3.2 Internet Telephony
One of the application areas gathering the most attention is Internet telephony. The global telephone network is increasingly connected to the Internet; this connectivity is providing signaling channels for phone switches, data channels for actual voice calls, and new customer functions, especially ones that involve both the Internet and the phone network.
Two main protocols are used for voice calls, the Session Initiation Protocol (SIP) [Rosen-berg et al., 2002] and H.323. Both can do far more than set up simple phone calls. At a minimum, they can set up conferences (Microsoft's NetMeeting can use both protocols); SIP is also the basis for some Internet/telephone network interactions, and for some instant messaging protocols.
3.2.1 H.323
H.323 is the ITU's Internet telephony protocol. In an effort to get things on the air quickly, the ITU based its design on Q.931, the ISDN signaling protocol. But this has added greatly to the complexity, which is only partially offset by the existence of real ISDN stacks.
The actual call traffic is carried over separate UDP ports. In a firewalled world, this means that the firewall has to parse the ASN.1 messages (see Section 3.6) to figure out what port numbers should be allowed in. This isn't an easy task, and we worry about the complexity of any firewall that is trying to perform it.
H.323 calls are not point-to-point. At least one intermediate servera telephone company?is needed; depending on the configuration and the options used, many more may be employed.
3.2.2 SIP
SIP, though rather complex, is significantly simpler than H.323. Its messages are ASCII; they resemble HTTP, and even use MIME and S/MIME for transporting data.
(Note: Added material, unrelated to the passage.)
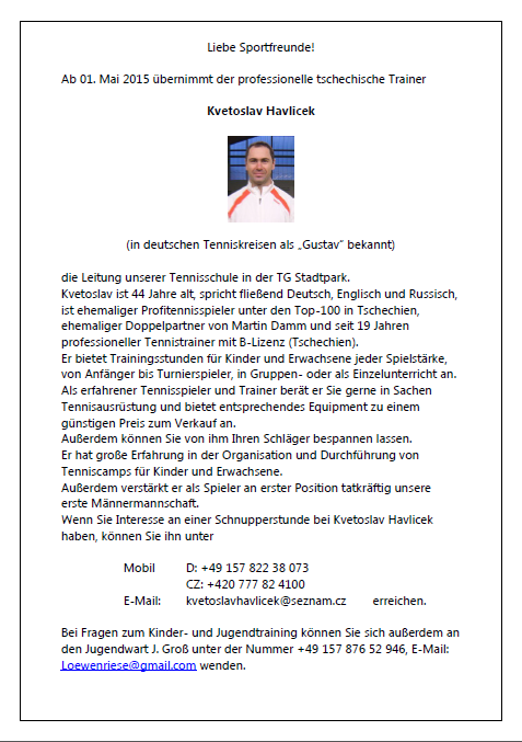 Liebe Kinder & ElternAuf die Plätze, fertig, los! Es ist wieder soweit, die Sommerferien stehen vor der Tür und wir laden alle Kinder herzlich zum Tenniscamp ein. Für unsere kleinen Champions legen wir gleich in der ersten Ferienwoche mit einem 3-tägigen Trainingslager los (13.07.2015 - 15.07.2015). Auch in der letzten Ferienwoche von 17.08.2015 bis 21.08.2015 starten wir ein 5-tägiges Camp. Trainiert wird jeden Tag von 9.30Uhr bis 15Uhr, wobei die Trainer für ein abwechslungsreiches Spiel-, Sport- und Tennisprogramm sorgen werden. Auch für ein warmes Mittagessen wird gesorgt, welches im Preis inbegriffen ist. Bitte seid pünktlich und bringt euch ausreichend Getränke für den Tag mit! Im August-Camp je nach Wetterlage haben wir auch einen Überraschungsnachmittag eingeplant. Preis pro Tag: 25 Euro Anmeldung per E-Mail unter: info@tg-stadtpark.de Euer TG-Stadtpark Trainerteam ![]()

SIP phones can speak peer-to-peer; however, they can also employ the same sorts of proxies as H.323. Generally, in fact, this will be done. Such proxies can simplify the process of passing SIP through a firewall, though the actual data transport is usually direct between the two (or more) endpoints. SIP also has provisions for very strong securityperhaps too strong, in some cases, as it can interfere with attempts by the firewall to rewrite the messages to make it easier to pass the voice traffic via an application-level gateway.
Some data can be carried in the SIP messages themselves, but as a rule, the actual voice traffic uses a separate transport. This can be UDP, probably carrying Real-Time Transport Protocol (RTP), TCP, or SCTP.
We should note that for both H.323 and SIP, much of the complexity stems from the nature of the problem. For example, telephone users are accustomed to hearing "ringback" when they dial a number and the remote phone is ringing. Internet telephones have to do the same thing, which means that data needs to be transported even before the call is completed. Interconnection to the existing telephone network further complicates the situation.